要件定義の進め方とおさえておきたいポイント

要件定義は、顧客の要望を吸い上げ、要件定義書として明文化していく作業ですが、スムーズに進めていくためには、いくつかコツがあります。

そこで今回は、要件定義の進め方と、進めていく中でおさえておきたいポイントを紹介します。要件定義の流れを理解しておくと、余計な手間なく、要件定義を進めていけるはずです。ぜひ参考にしてみてください。

要件定義の進め方

要件定義の工程では、大きく分けて下記の1~3の順に進めていきます。

1. 顧客からの依頼内容をヒアリング

ヒアリングシートなどを使用して、顧客との打ち合わせを重ねて行く中でのポイントは、顧客との打ち合わせ後、必ず議事録を作成し、顧客にも提出して認識を合わせておくことです。

ヒアリングのコツ

ヒアリングは、大きい質問から小さい質問をするように意識します。初めから小さく細かい話(納期や金額)の話をすると、意識をしなくとも顧客に圧力をかけてしまいます。

顧客側に複数の関係者がいる場合は、あらかじめ意見を整理してから、打合せに臨んでもらうように依頼します。関係者全ての意見を吸い上げると、機能が膨大になったり、何の、誰のために作られるWebサイト・サービスかぼやけてしまうためです。

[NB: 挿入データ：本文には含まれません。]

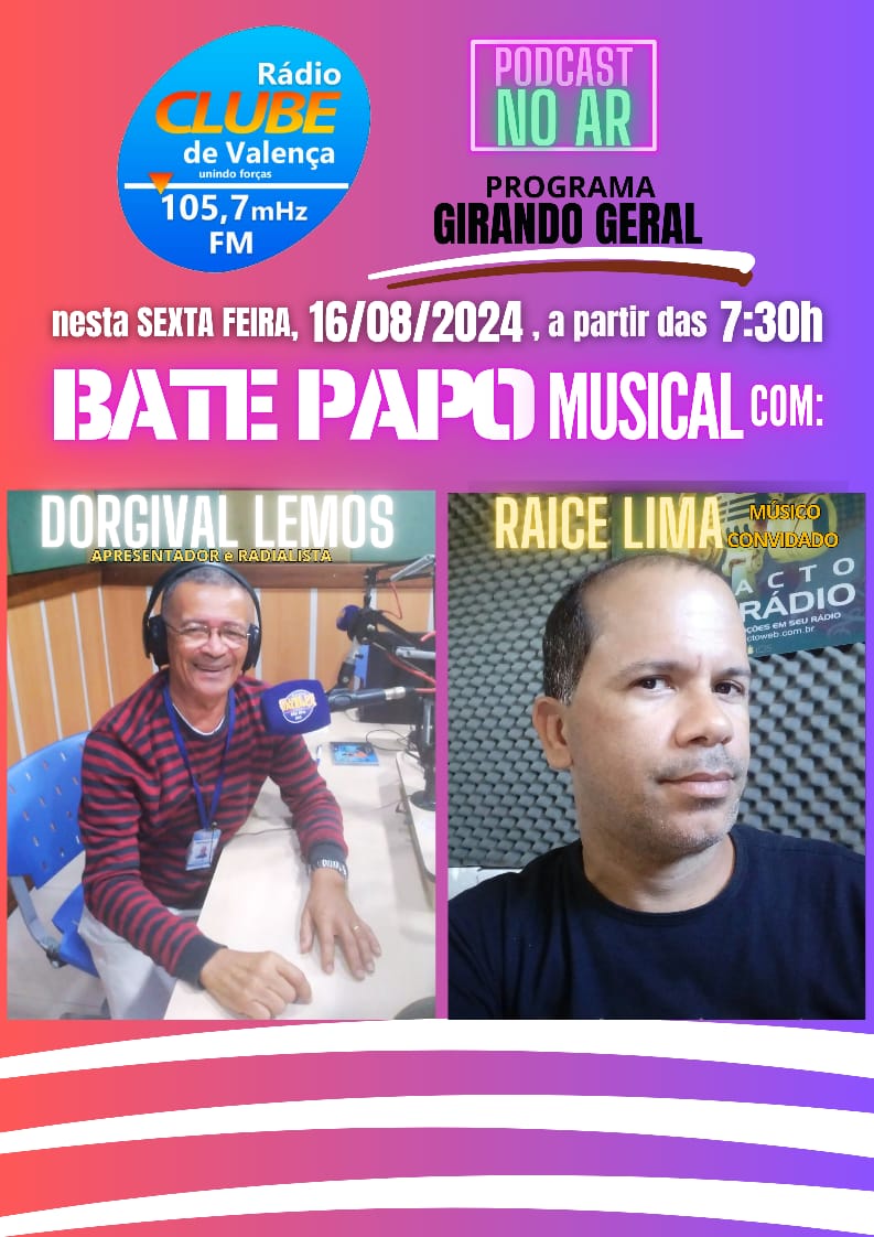 Nesta sexta-feira(16), a partir das 7:30 min, o músico eclético Raice Lima, participará do programa Girando Geral, como Dorgival Lemos, na Rádio Clube de Valença.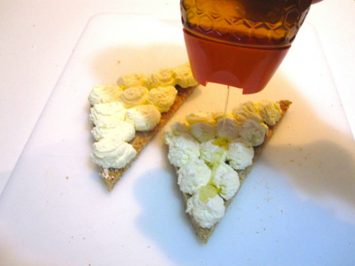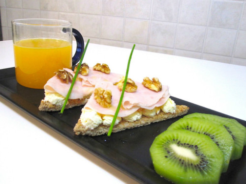 Añadimos unas gotas de miel y colocamos dos lonchas de pavo por rebanada, encima ponemos unas nueces peladas y unas gotas de aceite de oliva.

2. ヒアリングで得た情報を整理、分析し要件定義書を作成

顧客の要望をすべて叶えても、よいWebサービスやサイトは作れません。本当にシステム化するのが最善策なのか、どの機能が優先的に必要なのか、分析・整理した情報を要件定義書に落としていきます。

要件定義書は、顧客の要望を具体化したものです。作成者だけの視点ではなく、顧客側から読みやすいか、次の設計・開発工程の担当にも読みやすいかを意識して作成するようにしましょう。

スケジュールは詳細にたてる

ポイントは、スケジュールは詳細に立てることです。納期通りの公開ができるかどうかにも関わってくるので、デザインなどの修正依頼が顧客からあった場合はどこまで、何回まで対応できるかをあらかじめ顧客と同意を取るようにしましょう。納期を守るためにできること、できないことを顧客がイメージできるように伝えるのがおすすめです。

3. 顧客が要件定義書を確認し、同意する。同意できない箇所はヒアリング、修正を繰り返す

2で作成した要件定義書を顧客に見てもらい、認識合わせを行います。認識が違うところは要望を再度確認し、要件定義書を修正して、完成させていきます。最後に、要件定義書の内容に全て同意を得てから、次の設計工程に進みます。

課題管理表を作っておく

顧客との認識を合わせ進めていくなかで、同意をもらえなかった箇所や課題が見つかることもあるでしょう。その時はその問題に対して解決するだけでなく、都度「課題管理表」を準備して課題のリスト化と対応策・期限を管理しておきましょう。

後々作業漏れが発覚することを防いだり、顧客の認識がズレた場合も課題管理表を提示することによって、揉めるのを防ぐことができます。

まとめ

顧客の要望を明文化し、要件定義書を作成するのが要件定義の工程ですが、ただ単に書類を作成するだけでなく、プロジェクトを円滑に進めていく土台作りも、要件定義で行っていきます。初めはやることが多く、混乱するかもしれませんが、こつこつと積み上げていけば、要件定義工程は完了します。焦らずじっくりと行いましょう。